Scientists Find Lost Continent Hiding Beneath Europe

A map of the recently discovered continent called Greater Adria.

Millions of people around the globe travel to Europe on vacation and without knowing it, walk on the remnants of a long-lost continent that existed more than 100 million years ago.

It’s bigger than Atlantis.

According to Geologists, the Mediterranean region is one of the most complex regions on Earth, in terms of geology.

For the first time ever, scientists have managed to actually reconstruct the evolutionary history of the mountain ranges and seas of the region.

The new study, published in Gondwana Research, has revealed that a continent he size of Greenland that separated some 200 million years ago from Northern Africa, plunged into the Earth’s crust just beneath Europe.

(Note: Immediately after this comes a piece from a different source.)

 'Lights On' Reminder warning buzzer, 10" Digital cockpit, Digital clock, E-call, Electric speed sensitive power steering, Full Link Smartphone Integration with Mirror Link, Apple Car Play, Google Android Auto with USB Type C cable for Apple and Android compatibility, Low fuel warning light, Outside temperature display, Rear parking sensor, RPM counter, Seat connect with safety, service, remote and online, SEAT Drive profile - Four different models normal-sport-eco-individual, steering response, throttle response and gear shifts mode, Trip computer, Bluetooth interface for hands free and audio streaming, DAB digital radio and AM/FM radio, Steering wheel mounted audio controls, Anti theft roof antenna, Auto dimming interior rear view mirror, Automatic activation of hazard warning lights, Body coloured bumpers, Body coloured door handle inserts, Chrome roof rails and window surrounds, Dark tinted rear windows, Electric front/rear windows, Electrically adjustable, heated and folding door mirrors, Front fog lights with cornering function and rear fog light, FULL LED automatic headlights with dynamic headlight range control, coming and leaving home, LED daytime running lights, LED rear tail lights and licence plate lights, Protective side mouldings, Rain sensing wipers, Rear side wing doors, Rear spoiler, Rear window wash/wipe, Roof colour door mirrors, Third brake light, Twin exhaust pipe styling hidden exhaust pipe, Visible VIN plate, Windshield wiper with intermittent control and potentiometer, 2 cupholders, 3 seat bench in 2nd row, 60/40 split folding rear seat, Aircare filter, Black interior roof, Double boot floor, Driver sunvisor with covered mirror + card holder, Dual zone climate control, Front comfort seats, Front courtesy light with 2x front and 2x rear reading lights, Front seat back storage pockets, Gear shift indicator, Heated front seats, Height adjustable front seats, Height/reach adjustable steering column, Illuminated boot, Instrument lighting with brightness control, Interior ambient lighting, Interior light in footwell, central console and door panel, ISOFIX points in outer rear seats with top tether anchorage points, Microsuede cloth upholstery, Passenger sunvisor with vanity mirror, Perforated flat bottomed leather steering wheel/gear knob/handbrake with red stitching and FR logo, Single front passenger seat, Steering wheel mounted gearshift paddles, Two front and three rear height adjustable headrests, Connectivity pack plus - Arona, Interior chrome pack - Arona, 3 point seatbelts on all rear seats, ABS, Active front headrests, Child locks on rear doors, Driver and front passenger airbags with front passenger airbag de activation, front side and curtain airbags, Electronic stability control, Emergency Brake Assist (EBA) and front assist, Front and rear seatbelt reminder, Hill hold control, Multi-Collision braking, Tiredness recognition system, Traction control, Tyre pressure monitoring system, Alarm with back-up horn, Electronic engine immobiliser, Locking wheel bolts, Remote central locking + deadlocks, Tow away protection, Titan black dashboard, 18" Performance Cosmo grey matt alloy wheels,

“Most mountain chains that we investigated originated from a single continent that separated from North Africa more than 200 million years ago,” explains principal researcher Douwe van Hinsbergen, Professor of Global Tectonics and Paleogeography at Utrecht University.

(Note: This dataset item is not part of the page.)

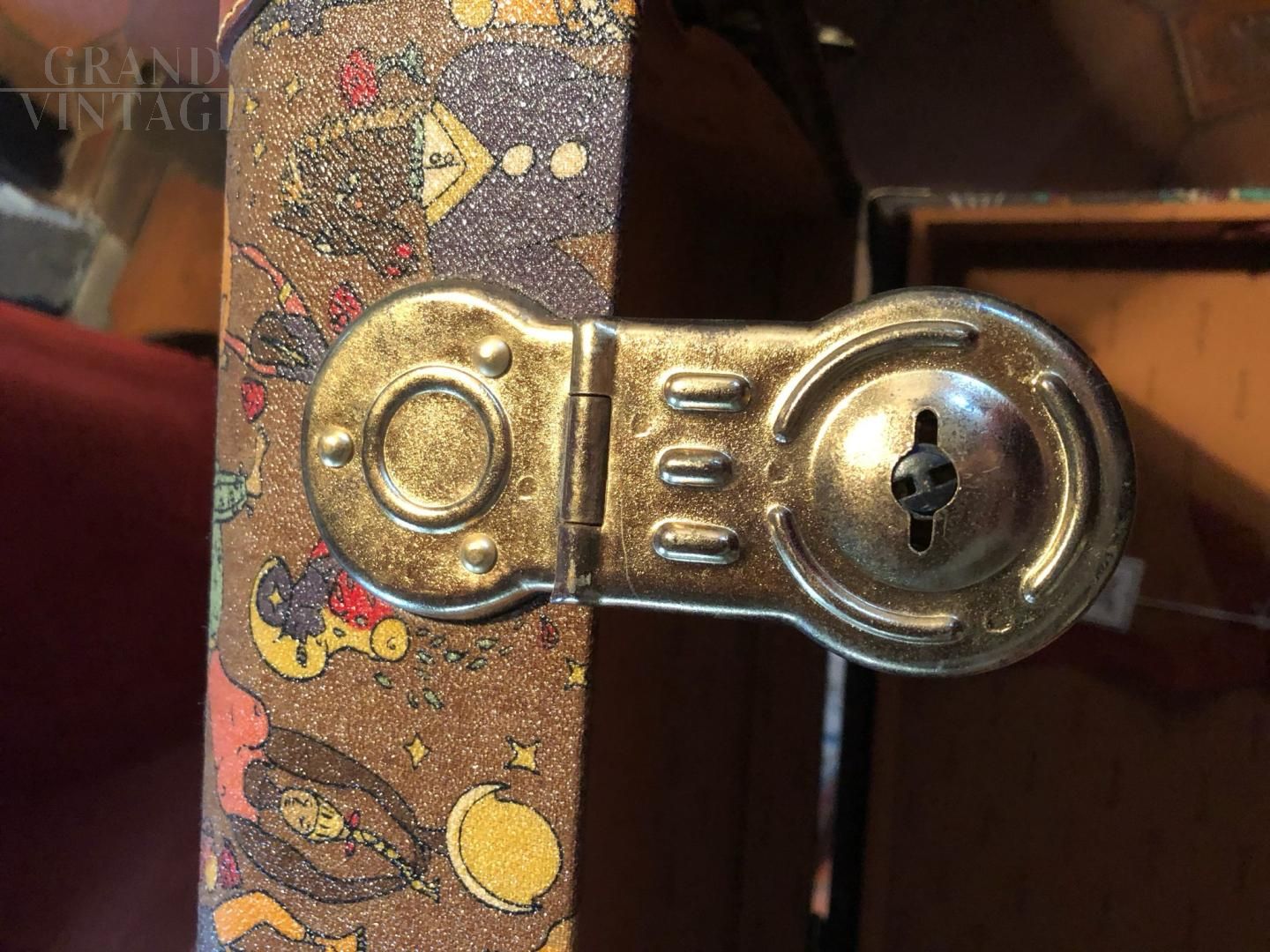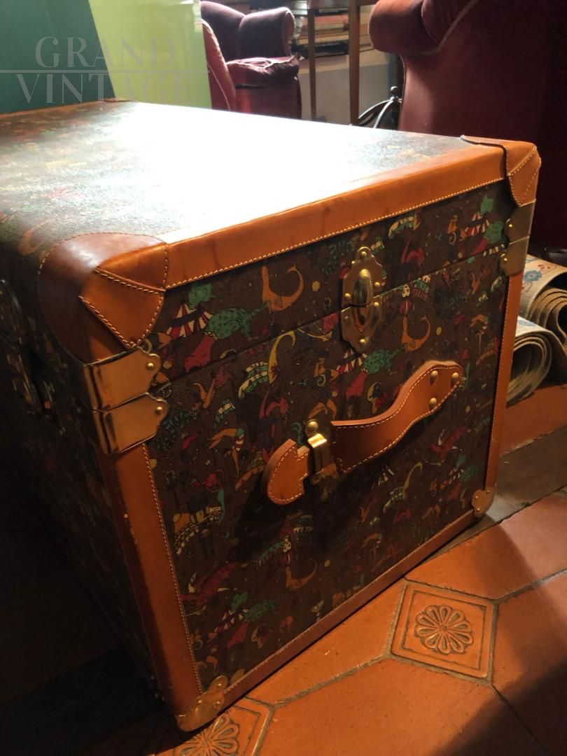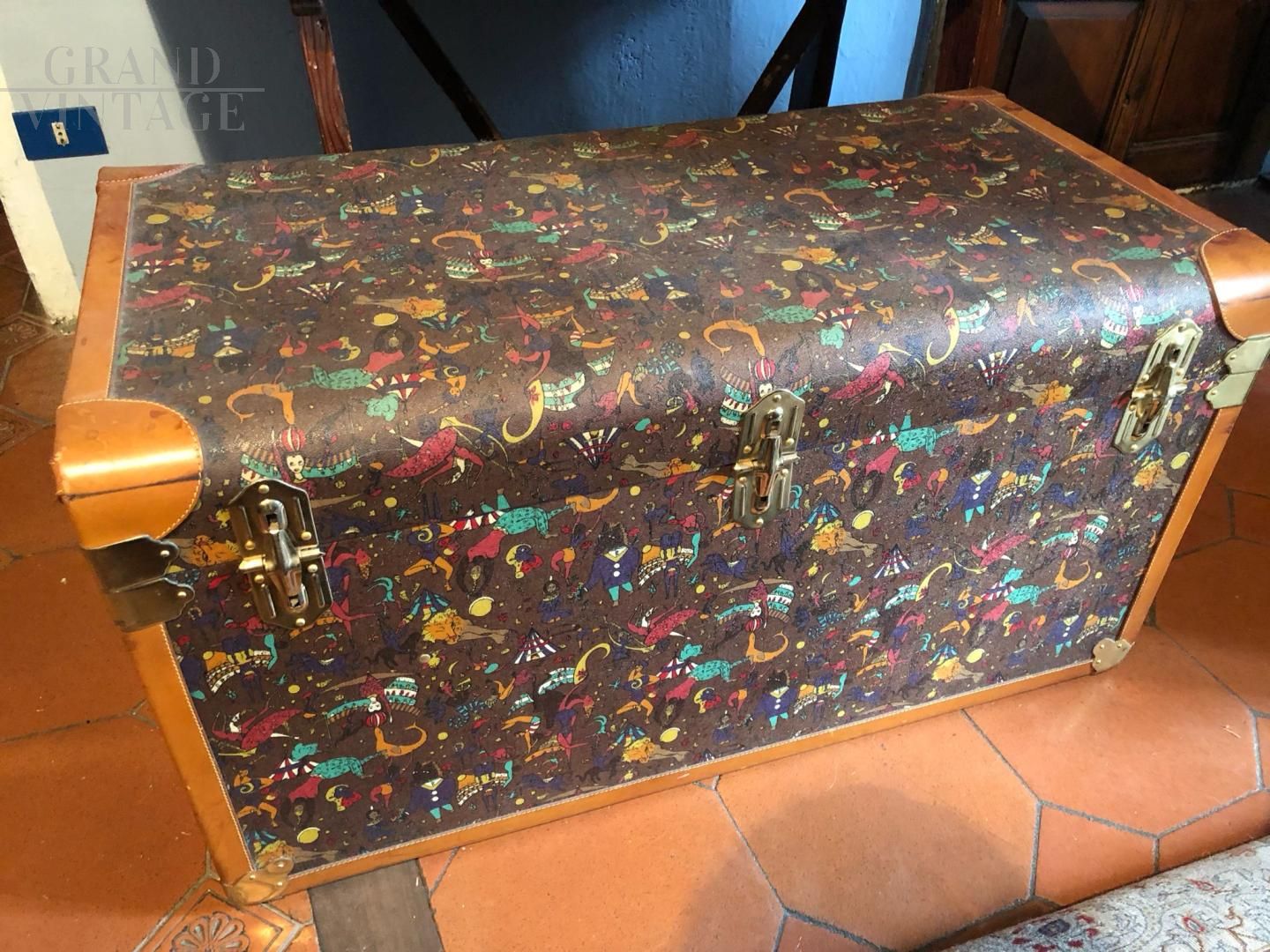 Vintage trunk designed by Piero Guidi in wood covered in leather printed with Magic Circus pattern, the corners are in leather and the side handles are in smooth leather. There is a removable shelf with ribbon straps, complete with lock but with key missing. The trunk is in excellent condition with bright colors, some signs of aging on the corners.

“The only remaining part of this continent is a strip that runs from Turin via the Adriatic Sea to the heel of the boot that forms Italy.”

Geologists refer to that area as “Adria” and professor Van Hinsbergen has therefore called the lost continent “Greater Adria”.

Greater Adria, Greater than Atlantis

The researchers have revealed that Greater Adria was mostly situated beneath the ocean, forming shallow tropical seas in which sediment was deposited throughout years.

These sedimentary rocks were then scraped when the continent subducted into Earth’s crust. What was left from the rocks are now the mountain belts of the Apennines, part of the Alps, Balkans, Greece, and Turkey.

This proves what a geologically complex region the Mediterranean is. In fact, the region changes a lot of what we know about plate tectonics.

According to the theory of plate tectonics, the various plates of our planet do not deform internally when they move with respect to each other, along large fault zones. But in the Mediterranean, this is not the case.

“It is quite simply a geological mess: everything is curved, broken, and stacked. Compared to this, the Himalayas, for example, represent a rather simple system. There you can follow several large fault lines across a distance of more than 2000 km.”

The new discovery is the result of a decade-long collaboration between scientists from Utrecht, Oslo, and Zürich.

What took them ten years? The researchers say that it took around ten years to gather all the necessary data because not only is this a vast region hosting more than 30 countries, but each of these countries also has their own characteristics.

“This is not only a large region, but it also hosts more than 30 countries. Each of these has its own geological survey, own maps, and own ideas about the evolutionary history. Research often stops at the national borders. Therefore, the region is not just fragmented from a geological perspective,” explained professor Van Hinsbergen.